Ho la sensazione che il vostro lavoro abolisca la "coincidenza", ciò che di romantico persiste nel nostro immaginario culturale, restituendoci un mondo estremamente duro: alleggerito dall’ironia, dalla parodia, ma sostanzialmente duro.

Chiara: In Romeo e Giulietta et ultra, l’idea della "coincidenza" per noi risiedeva nel fascino di lavorare sull’emblema della coppia di adolescenti che è anche l’emblema dell’idea di morte come archetipo, come mito, e il testo di Shakespeare rappresenta proprio questo mito di amore e morte. Dopo averlo letto, ci siamo accorti come l’idea che ne avevamo fosse completamente diversa. Una lettura più attenta ha svelato come Shakespeare sembra abbia esercitato – proprio come dicevi tu – una feroce ironia, uno spostamento feroce di questa idea romantica, tanto da farla apparire inverosimile. Pare che gli amanti non possano amarsi a causa del padre, della faida. Tuttavia, la storia della coppia tradisce una sfida culturale: gli amanti, in questo dramma, parlano più di morte che di amore. Già nel Sogno di una notte di mezza estate Shakespeare fa la parodia di Piramo e Tisbe, quasi stesse già pensando a questo discorso della satira sul romanticismo, che diventa – appunto – un emblema feroce, diretto, duro. Ci riconosciamo in questo concetto, anche perché tutte le idee di amore e di coppia su cui avevamo lavorato in precedenza partono da questa durezza, dall’abbandono, dal fatto che ad un certo punto l’altro svanisce, trascorre.

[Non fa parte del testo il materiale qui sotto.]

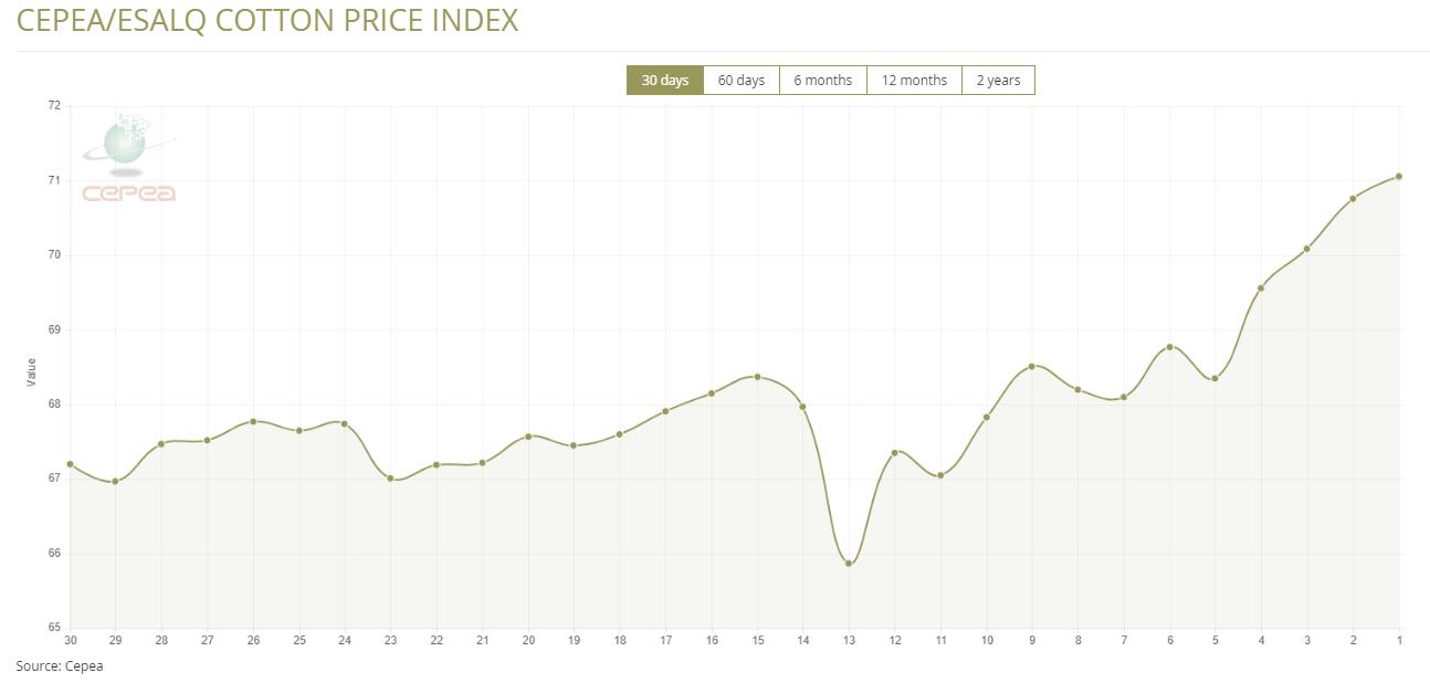 3月19日(周四),巴西CEPEA/ESALQ棉花價格指數(shù)報71.06美分/磅,較前一交易日上漲0.42%,較上月同期上漲3.93%。

Dunque, nonostante si sia parlato molto di autoreferenzialità del teatro a proposito del vostro lavoro, qui aprite un discorso sulla società.

Chiara: Noi siamo sempre autoreferenziali, non solo per ciò che riguarda il discorso sul teatro. Mettiamo sempre in scena le nostre vite, filtrate da un’indagine mitica, mitologica. Anche nel Requiem a cui stiamo lavorando, partiamo da un abbandono, da un lutto, che pur fondandosi su un discorso molto privato, viene filtrato da un mito, quello di Amore e Psyche. Credo che la forza del nostro lavoro risieda proprio nel partire da qualcosa di strettamente biografico, che però non può essere riconosciuto come tale. Le nostre esperienze nella vita devono necessariamente essere rappresentate in una forma differente. Prima sei vittima: soltanto quando ne fai una lettura diversa riesci a trovare un’opportunità per la rappresentazione.

Dunque partite da un dato personale, ma adoperate un’astrazione molto forte.

Chiara: Il dato personale non può essere rappresentato come tale, "nudo e crudo". L’interesse nasce quando viene rappresentato in una forma "altra". Il privato può essere dato al pubblico, ma rimane personale solo per l’attore che lo rappresenta.

Come preparate uno spettacolo?

Chiara: Inizialmente l’ideazione è di Luigi e mia, partiamo da coincidenze, desideri, matrici comuni. Lo sviluppo del lavoro avviene in un secondo tempo. Partiamo sempre da un’idea di spazializzazione, che non coincide necessariamente con una "scenografia": lo spazio teatrale è un concetto, anche astratto. I primi spettacoli svolgevano un’idea di spazio decisamente "narrativizzato": i teatrini anatomici, la torta di zucchero… lo spazio raccontava una storia. Anche il buio, come "buco nero", assume una connotazione narrativa: un sogno, un incubo… già di per sé il buio parla di fantasmi. La prima componente del processo creativo è dunque visionaria. Poi comincia un lavoro maggiormente differenziato, in cui io mi occupo della scrittura e Luigi del sistema della visione. Seguono poi le prove, durante le quali vengono elaborati questi materiali, creati singolarmente o in gruppo. Vengono verificati tutti gli elementi e spesso è necessario distruggere molto di ciò che si è creato, prima di arrivare all’esito definitivo.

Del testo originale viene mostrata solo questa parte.